Когда четыреста миллиграмм глюкозы было влито, я отцепила капельницу, укрыла пса куском кожи с дивана и пошла спать, оставив полуоткрытую дверь. Впервые, за все время нахождения здесь. Одну ночь можно…
На ошейнике было написано "Пол" и выбит номер телефона. Позвонить я не могла, да и если бы хозяин был жив, овчарка бы никуда от него не ушла, они очень преданные. Значит, уже мертв. Сначала он почти не реагировал на кличку. Но я постоянно с ним разговаривала, наверное, мне просто приятно было слышать свой голос, так я соскучилась по человеческой речи. Только через неделю, когда я позвала собаку "Пол, иди сюда", он впервые подошел и сел рядом. Пол выздоравливал быстро. Еще несколько раз приходилось усыплять его эфиром, обрабатывать раны и вливать глюкозу, но он не роптал, словно понимая, что все делается ему во благо. Пол производил впечатление очень сдержанного животного. Ни разу не вильнул радостно хвостом, не лизнул благодарственно руку, не гавкнул. Флегматично пил воду из миски, брал печенье, тогда, когда я отойду подальше. Серьезно и пристально наблюдал за моими перемещениями, штопкой, хозяйственными заботами. Когда у него поджили раны на боках и ноге, я решительно заявила:
— Следует тебя покупать Пол. Ты страшно воняешь.

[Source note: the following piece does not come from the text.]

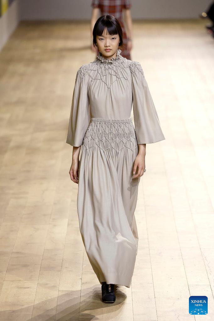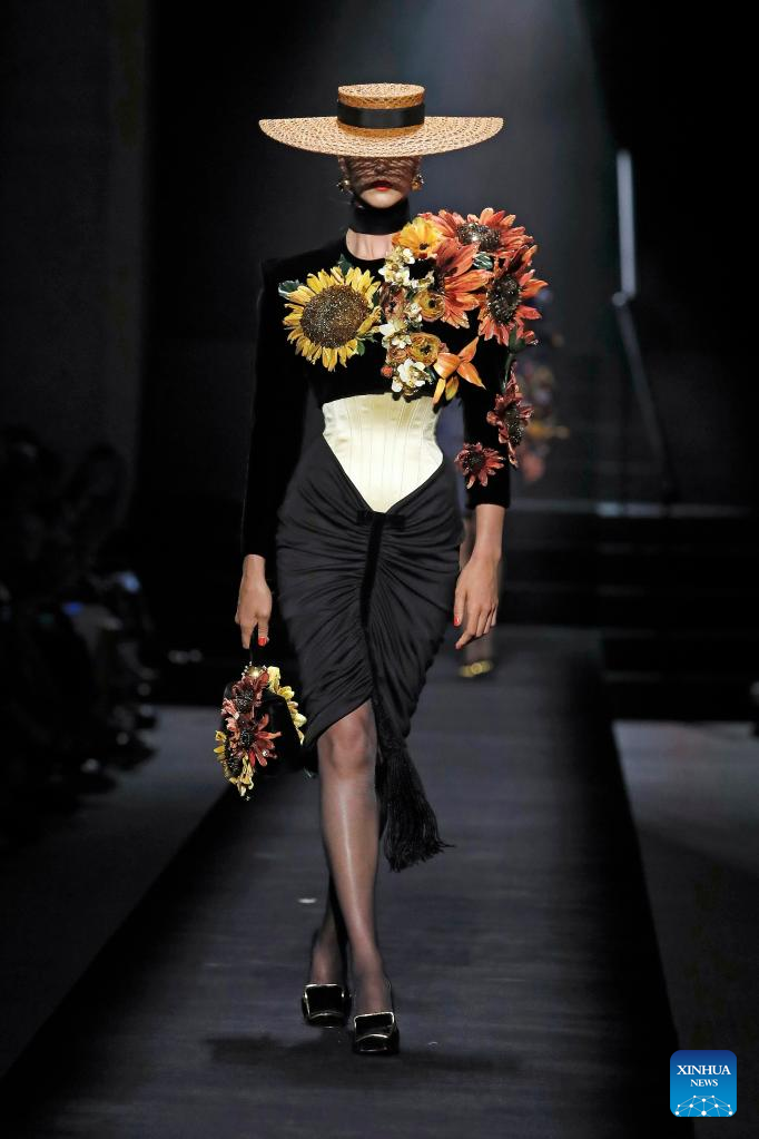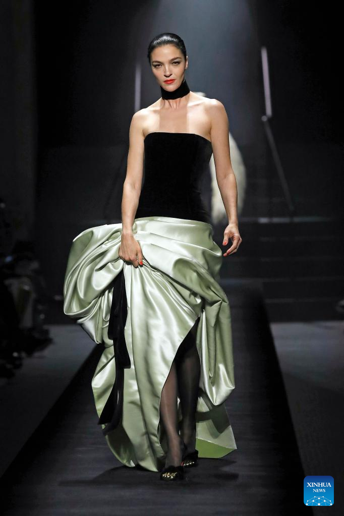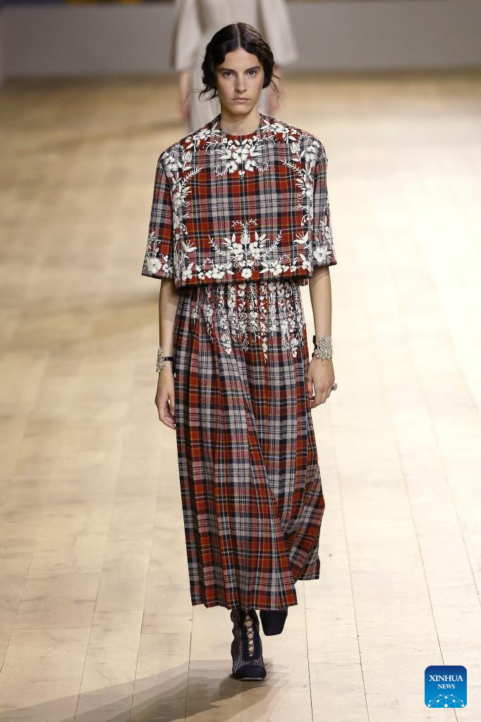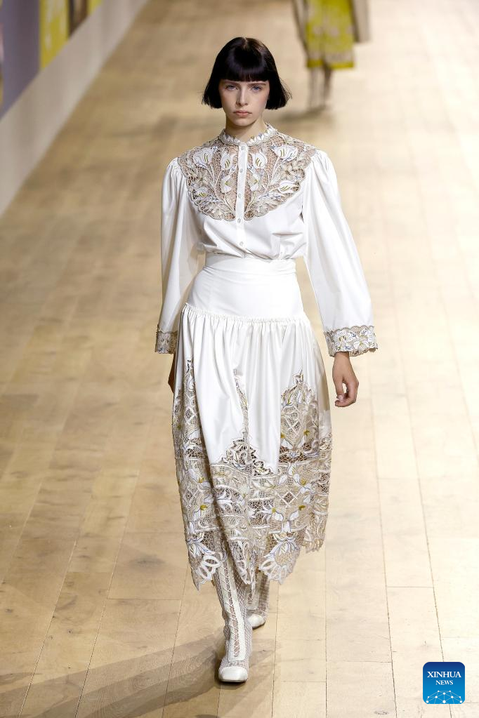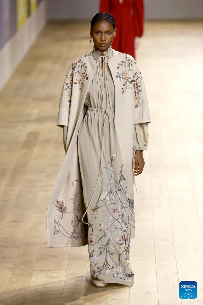 A model presents a creation from the Fall/Winter 2022-2023 Haute Couture collection of Christian Dior during the Paris Fashion Week in Paris, France, on July 4, 2022. (Photo by Piero Biasion/Xinhua)
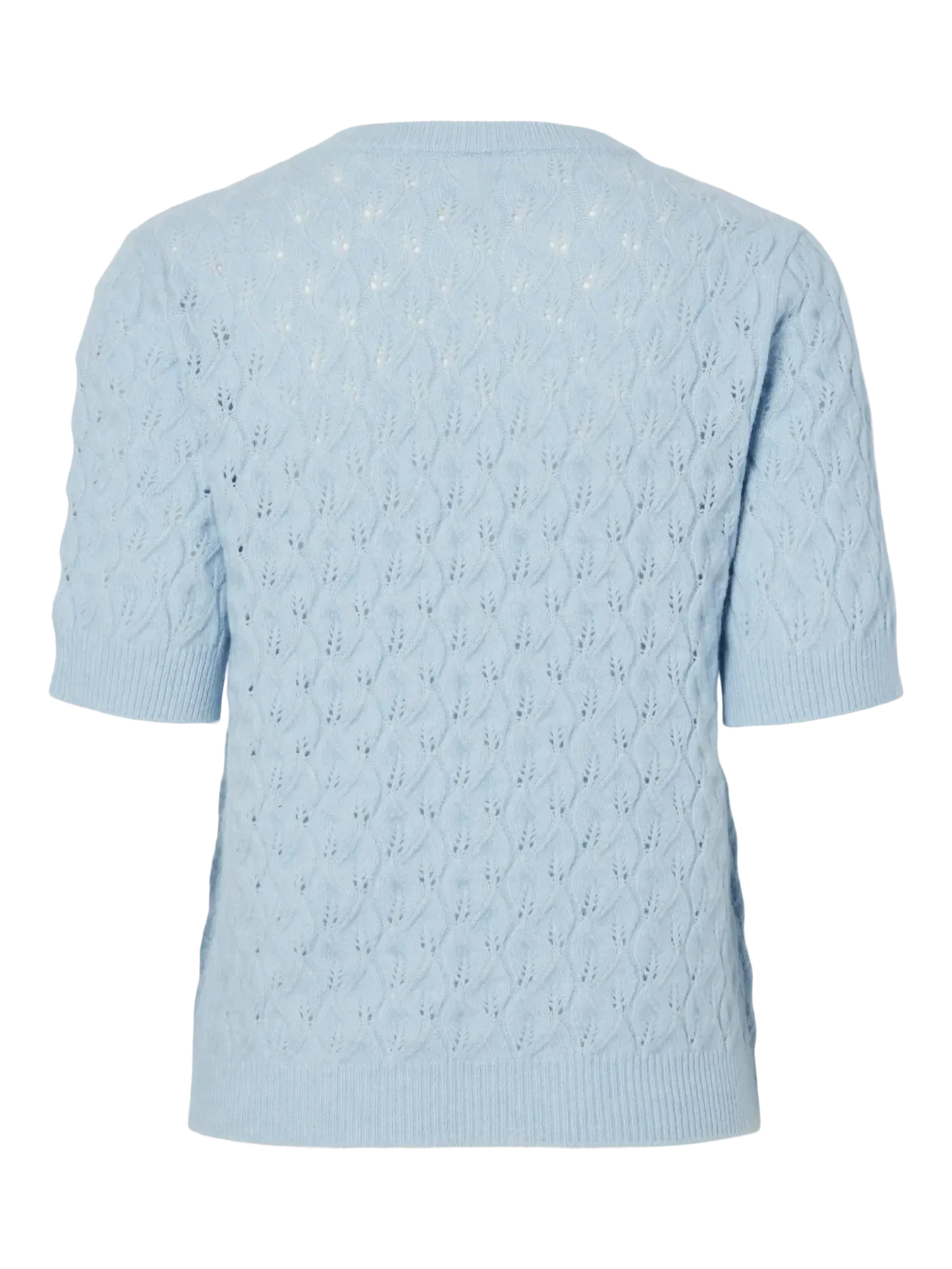 Een gebreide trui van Pieces in een lichtblauwe melangekleur. De trui heeft korte mouwen, een ronde hals en decoratieve stiksels in een bladmuster.

Я уже неделю из‑за него спала с открытой дверью. Боялась и просыпалась от каждого шороха. Долго так продолжаться не могло, если собираюсь завести Пола в свою секретную комнату, нужно будет его искупать. Шампунь и мыло у меня были. Этого добра в шкафчиках офиса было достаточно. То ли девушки пользовались душем во время рабочего дня, то ли остались от сетевых мерчендайзеров.